Goal of the exercise
Go through the listing below and retype exactly the lines starting at the one with "Kom model. ROESTVASTSTAAL." and ending at the one with "弘化元年(1844)頃完成。", skipping pictures.

Data to process
____________________

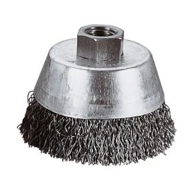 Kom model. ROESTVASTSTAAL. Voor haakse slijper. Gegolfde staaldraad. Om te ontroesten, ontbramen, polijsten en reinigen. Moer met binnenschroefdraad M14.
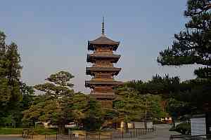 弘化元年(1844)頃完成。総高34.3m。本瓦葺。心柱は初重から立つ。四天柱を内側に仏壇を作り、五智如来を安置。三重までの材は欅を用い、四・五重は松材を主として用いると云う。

____________________

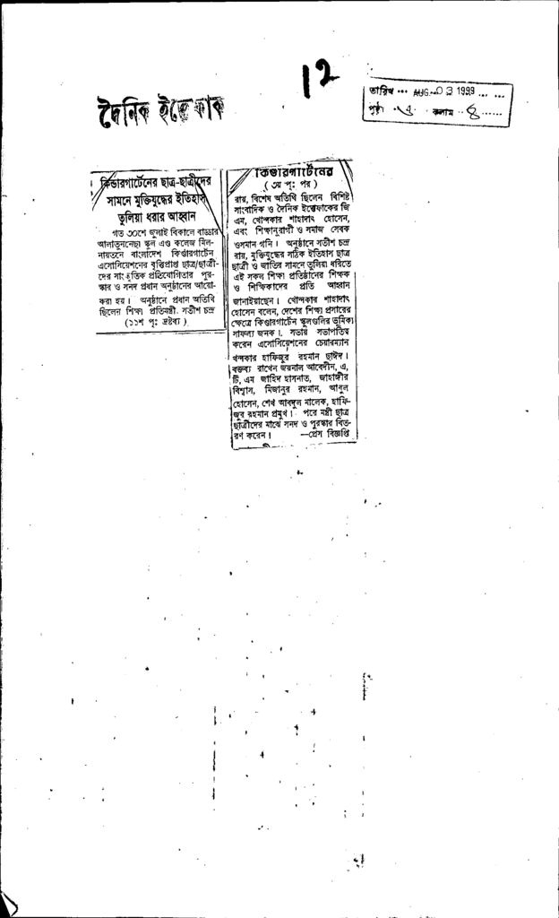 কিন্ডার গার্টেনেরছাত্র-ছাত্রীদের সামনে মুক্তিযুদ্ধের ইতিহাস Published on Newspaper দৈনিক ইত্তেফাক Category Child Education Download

____________________

Task response
 Kom model. ROESTVASTSTAAL. Voor haakse slijper. Gegolfde staaldraad. Om te ontroesten, ontbramen, polijsten en reinigen. Moer met binnenschroefdraad M14.
 弘化元年(1844)頃完成。総高34.3m。本瓦葺。心柱は初重から立つ。四天柱を内側に仏壇を作り、五智如来を安置。三重までの材は欅を用い、四・五重は松材を主として用いると云う。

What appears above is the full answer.